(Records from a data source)
────────

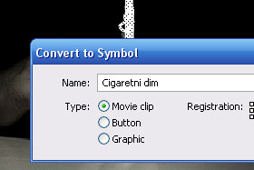 Z orodjem Selection Tool (bližnjica je tipka V) označite črte. V novem oknu Type določite Movie clip in potrdite s klikom na gumb OK. |
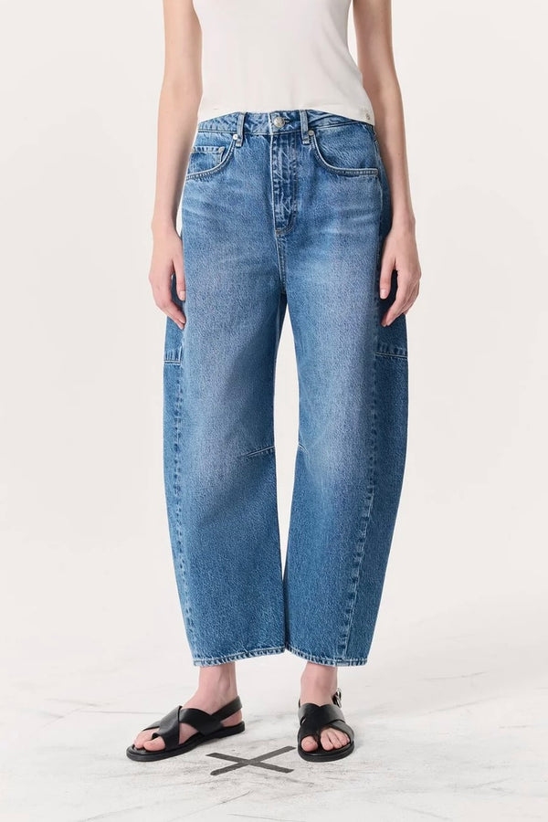 The Charlie. The perfect update to your denim lineup, defined by an exaggerated barrel shape with a relaxed, looser fit and a slight tapered curve that hits at the ankle. Crafted from Lightweight Rigid non-stretch denim that provides structure, but breaks in over time for a soft and comfortable feel. In Accord, a medium indigo wash.
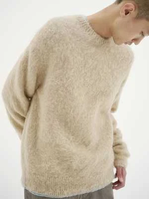 A recent AURALEE autumn winter classic, this knit is made of soft South African super-kid mohair spun into a loosely twist yarn, with a natural-fiber wool core.
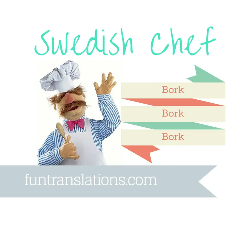 Convert from English to Swedish chef Speak. The Swedish Chef is a Muppet character that appeared on The Muppet Show. The Swedish Chef does not speak any known language, but his nonsense words are so widley interpreted as Swedish-sounding. So try converting and see what our chef says...bork, bork, bork!
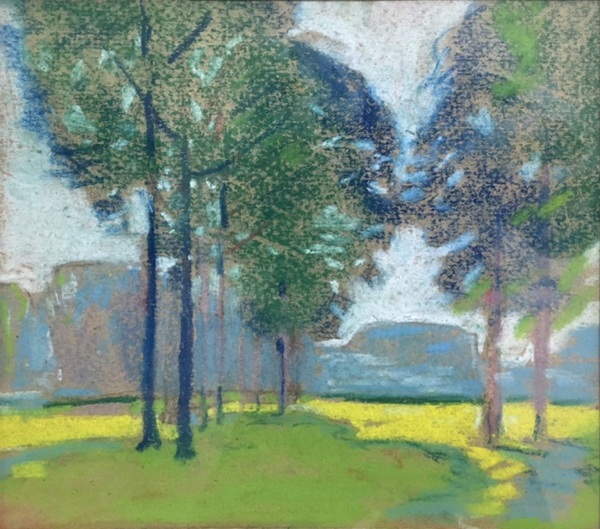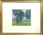Albert Krehbiel was a devoted painting instructor, maintaining a full class schedule at the Art Institute of Chicago throughout much of the second decade of the twentieth century. In 1913, he additionally joined the faculty at the Armour Institute of Technology (later the Illinois Institute of Technology) as an instructor of architectural drawing. He continued to paint and exhibit his work at annual juried exhibitions, particularly those at the Art Institute of Chicago. Indeed, Krehbiel’s legacy is best manifested by his extensive exhibition record at the Art Institute, where he showed over thirty times from 1906 through 1939, including a one man show in 1922. Krehbiel’s painting by the middle teens maintained a fluid, naturalistic approach, capturing the immediacy of light, atmosphere and color of a specific moment in time. on.
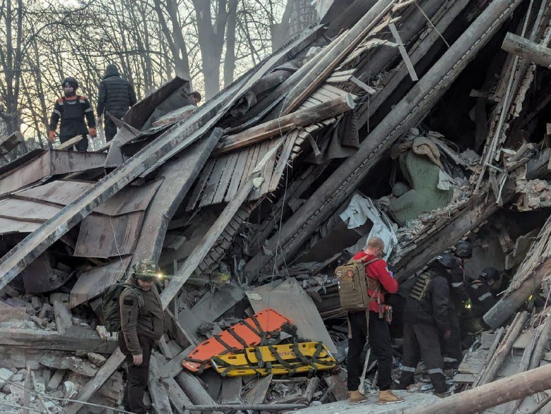 Як повідомили у ДСНС, росіяни влучили у чотириповерховий будинок. Удар зруйновав під’їзд з 1 по 4 поверх.
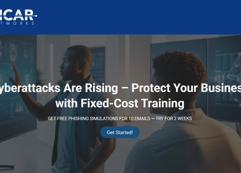 The website offers fixed-cost training, free phishing simulations, and employee security awareness programs to turn staff into a powerful first line of defense against cybercrime
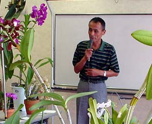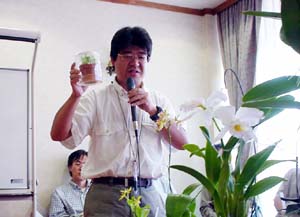 | 斉藤さんの出品花解説 . | 田亀さんの蘭菌の説明 . |
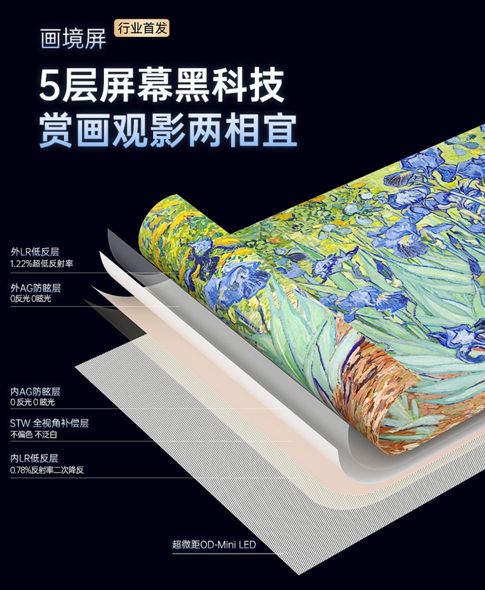 在屏幕端,创维Q7H将广受好评的「极黑广角类纸屏」升级为全新「画境屏」。新一代「哑光屏显Pro」技术叠加双层LR低反层与AG25防眩层,可大幅削弱日光反光与室内光源的眩光干扰,使环境光反射降低60%,达成“0反光0眩光”的出色观感;新增的STW全视角补偿层,更能确保侧视画面色彩稳定,从侧面看去也不会偏色,满足全家人多角度观影的需求。
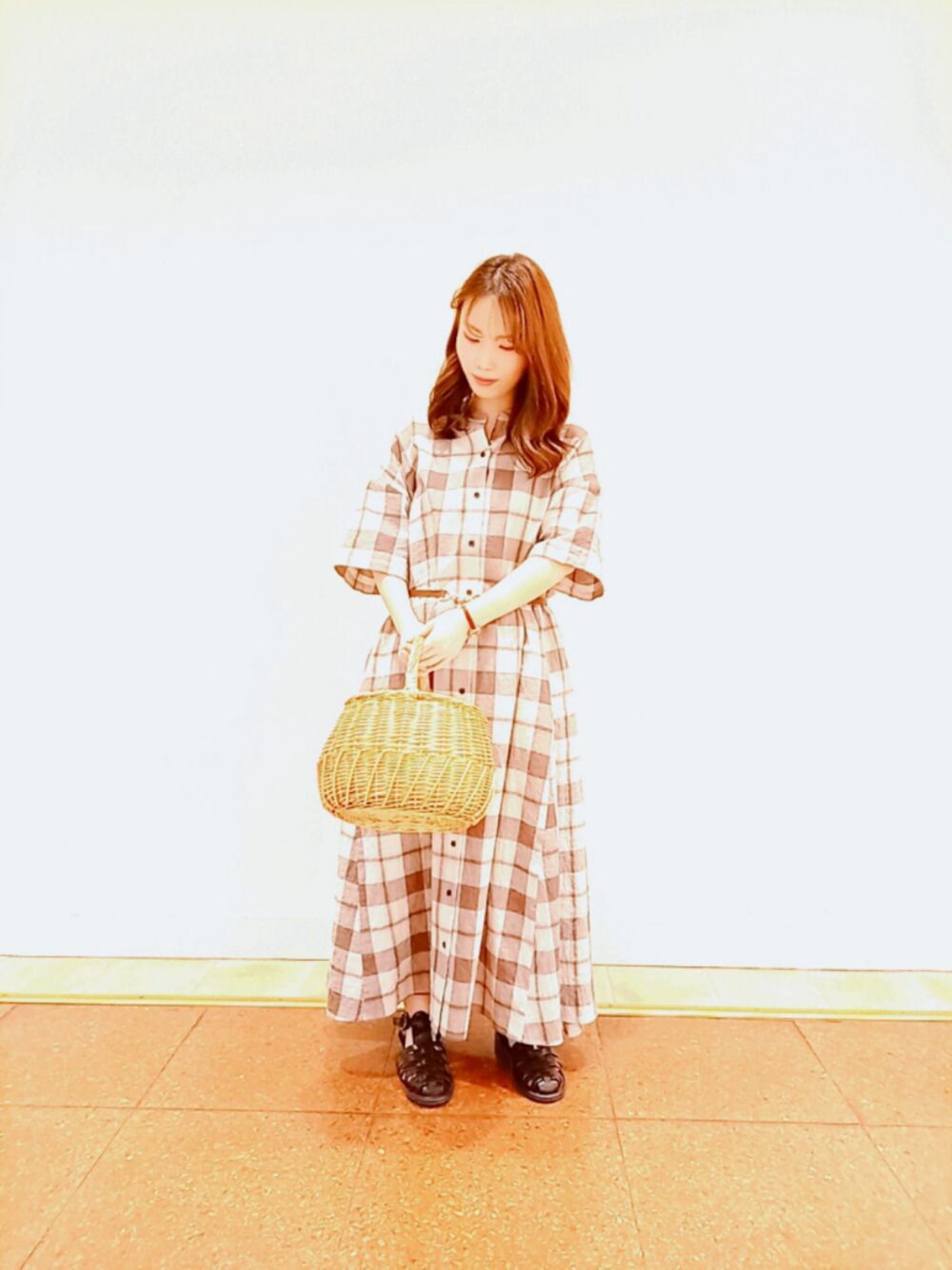 ビッグチェックのワンピースコーデです🌻 低身長さんはウエストマークにしたり、 足元をサンダルにして軽さを出すとカッコいいです✨
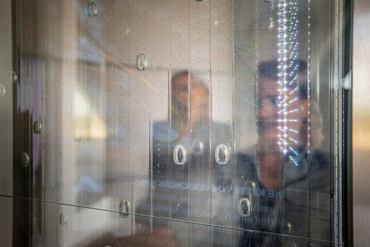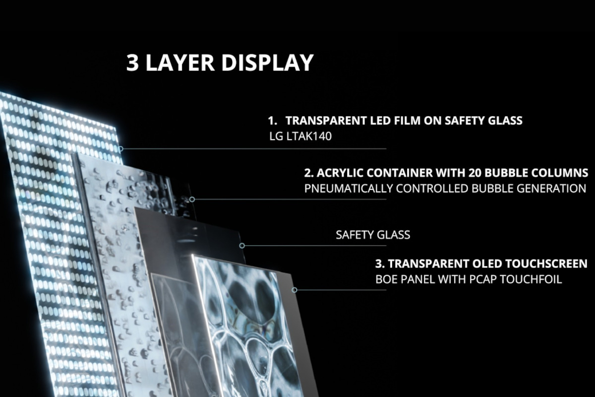 Die Acrylglaselemente sind mit pneumatischen Ventilen ausgestattet, die Luftblasen im Glycerin erzeugen und so einfache Formen oder Buchstaben abbilden können. Die LED-Folie projiziert bei Aktivierung Farben und Informationen auf die Blasen, bleibt im Ruhezustand jedoch durchsichtig. Über den Multitouch-Screen als oberste Schicht können Besucher die Installation interaktiv steuern.
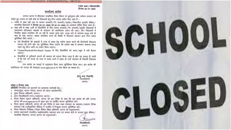 जनवरी की शुरुआत से ही आगरा भीषण ठंड की चपेट में है। भीषण ठंड को देखते हुए जिलाधिकारी भानुचंद्र गोस्वामी ने कक्षा 8वीं तक के विद्यालयों का अवकाश 24 जनवरी तक के लिए बढ़ा दिया है। अब विद्यार्थी 25 जनवरी को ही स्कूल जाएंगे। कक्षा 9 से 12 तक के विद्यालय पूर्वाह्न 10. 30 बजे से अपराह्न 3:30 बजे तक संचालित किए जाएंगे।
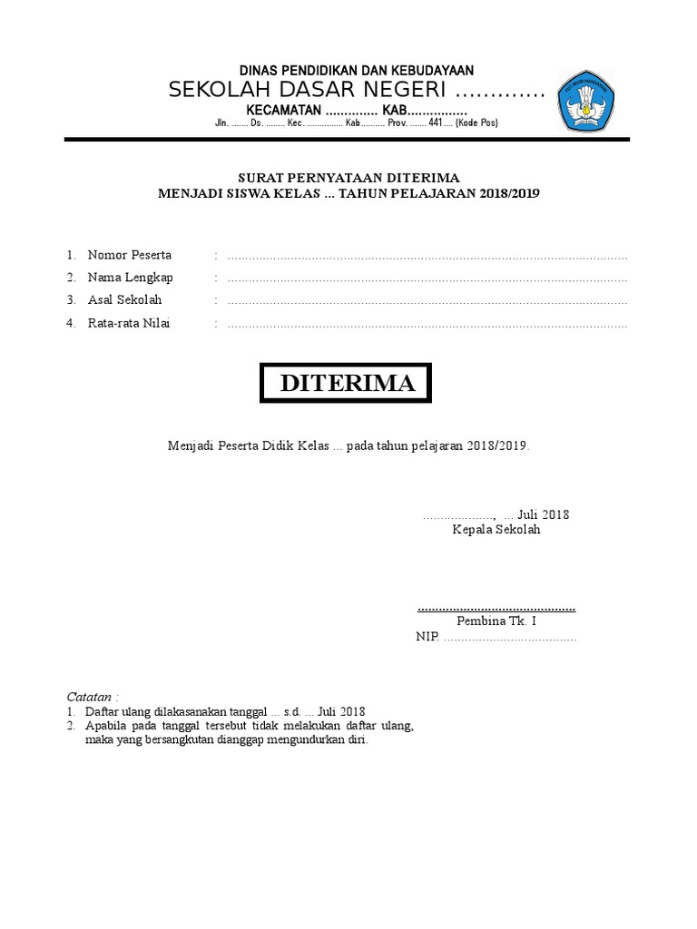 Contoh surat keterangan diterima menjadi siswa baru di sekolah sd Surat Pernyataan Diterima Menjadi Siswa Baru
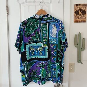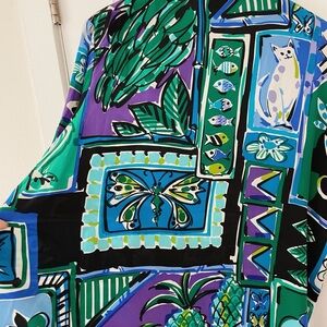 This Bob Mackie Wearable Art shirt is a unique piece that will make you stand out in any occasion. Made of 100% silk, this shirt features a collared neckline, short sleeves, and a button closure. The multicolor white, purple, green, and. Blue print is inspired by Hawaiian art and features a range of nature, hippie, nautical, and tropical themes, including cats, fish, monkey, and Hawaiian flowers.
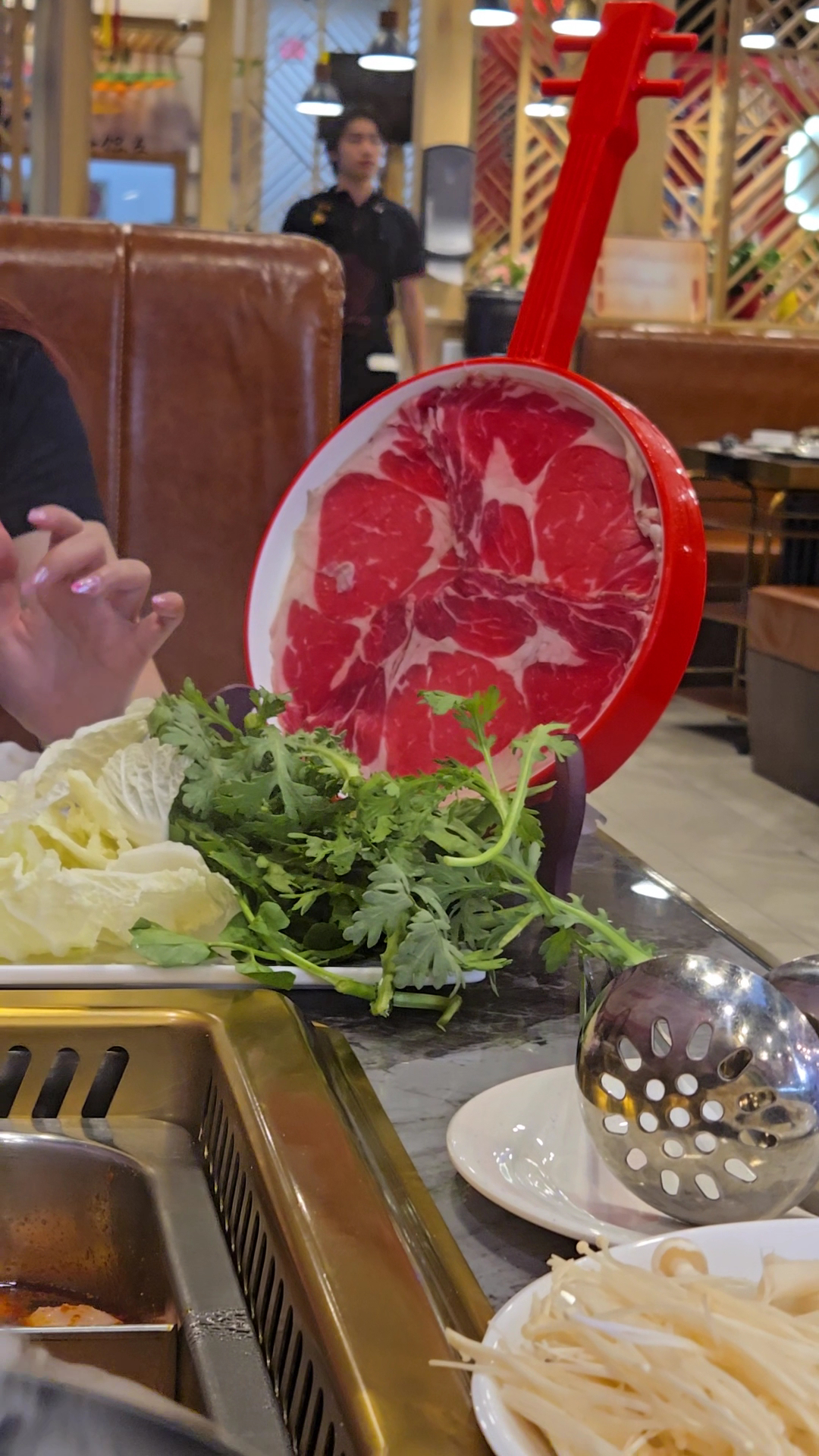Read moreRight off the bat, service was already lackluster. We had gotten seated by a server, not even greeted. As soon as we sat, the same server started asking us for our orders after we mentioned we had never been there. The experience was not that good to begin with and essentially set the tone overall for our dinner. We got to try 4 of the 5 broth options. All were super bland and did not meet any expectations of what they were supposed to taste like. The meat looked pretty however the taste did not match as the broth was so bland and the quality of the meat itself was not so great. As the sauce bar had mostly 2 of the same items, there was not much chance to save the broth with any seasoning aside from the little amount of fish sauce they provided. Not even salt was provided. This was the same for the 3 provided stations around the restaurant to help yourself to other items like noodles, vegetables, and fish balls. Variety was severely lacking here and there was not any of the common favorites for hot pot like quail eggs or let alone lettuce. The appetizers provided under the heat lamp were actually good. The desserts and help yourself drink stations were a good touch as well. Other than that, we more than likely will choose to not ever return and we will stick to the ones that are always good like Shabu Zone and Liuyishou. We asked everyone in our party what their honest thoughts were and this is a culmination of their feedback, most of us scoring the experience overall as a 5/10 and myself a 3/10 based on my experiences...
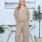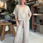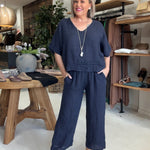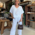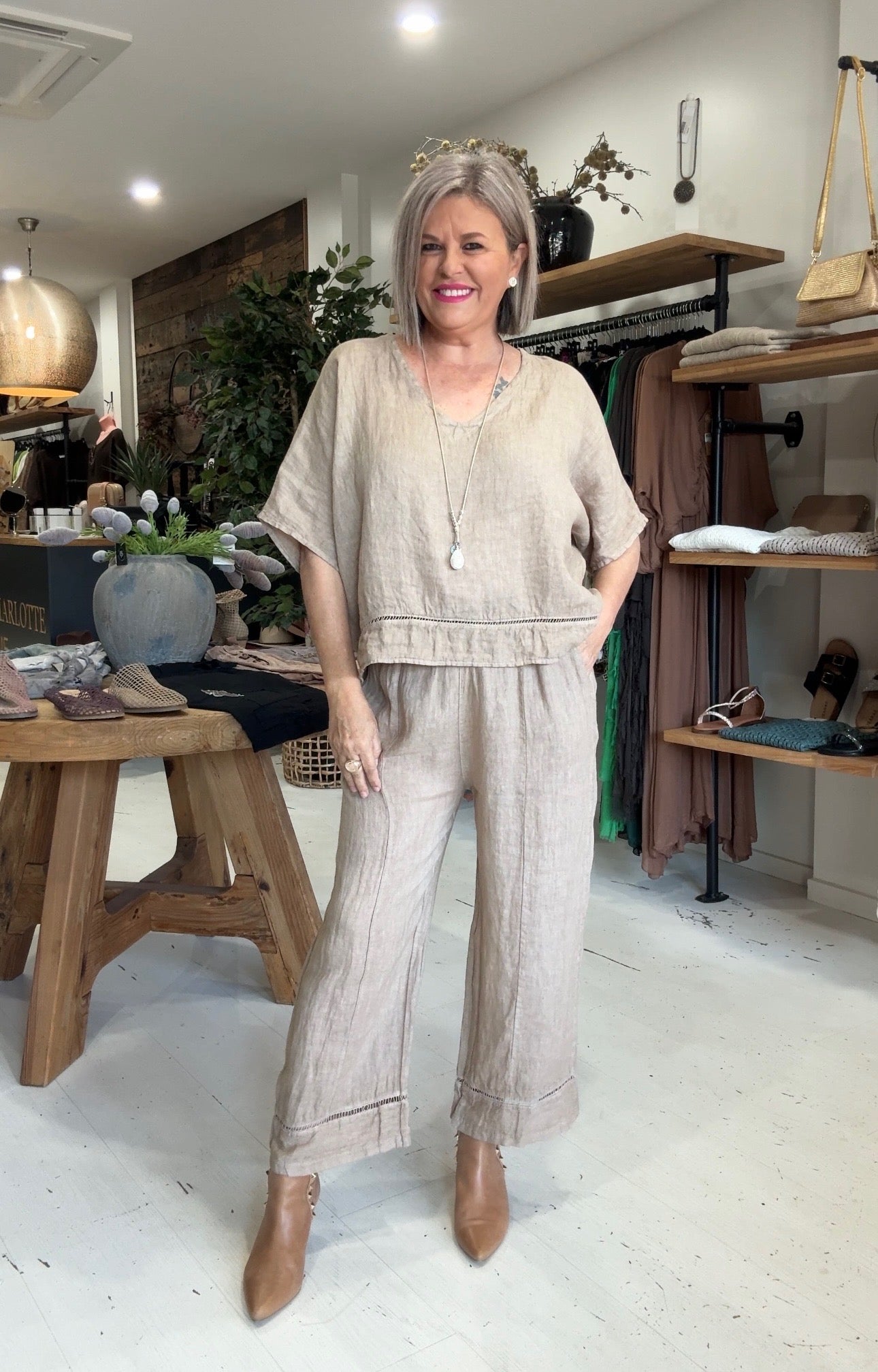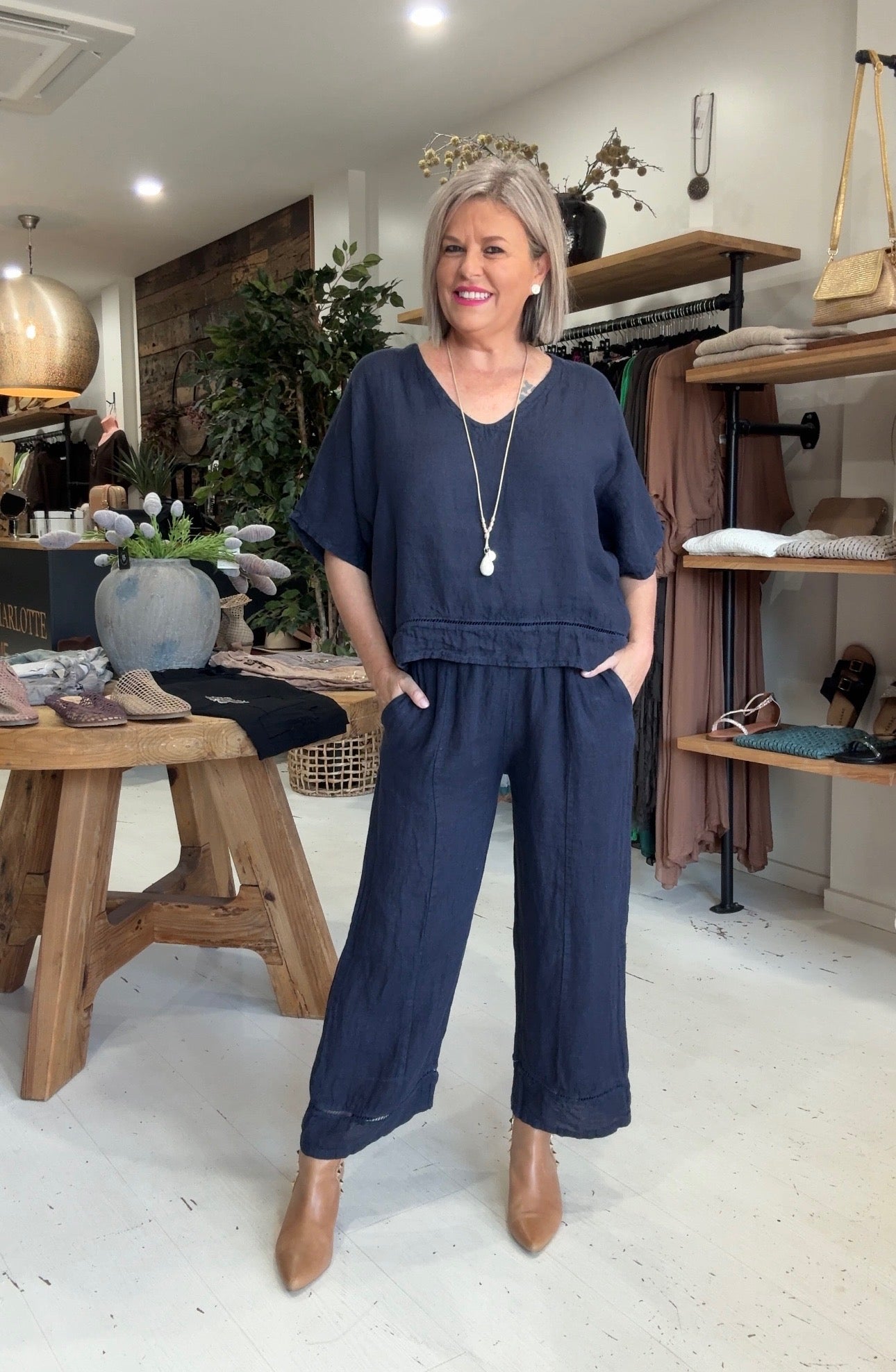The Nicki Top is crafted from lovely soft linen for a flawless shape and on trend crop length. Its unique feature insert adds a subtle design twist, while the V Neck is a flattering shape.

────────

**Action item**
Beginning with the first line of the records, write out every line up to and including the one with "A recent AURALEE", exactly, and omit all pictures.

**Answer**
 Z orodjem Selection Tool (bližnjica je tipka V) označite črte. V novem oknu Type določite Movie clip in potrdite s klikom na gumb OK. |
 The Charlie. The perfect update to your denim lineup, defined by an exaggerated barrel shape with a relaxed, looser fit and a slight tapered curve that hits at the ankle. Crafted from Lightweight Rigid non-stretch denim that provides structure, but breaks in over time for a soft and comfortable feel. In Accord, a medium indigo wash.
 A recent AURALEE autumn winter classic, this knit is made of soft South African super-kid mohair spun into a loosely twist yarn, with a natural-fiber wool core.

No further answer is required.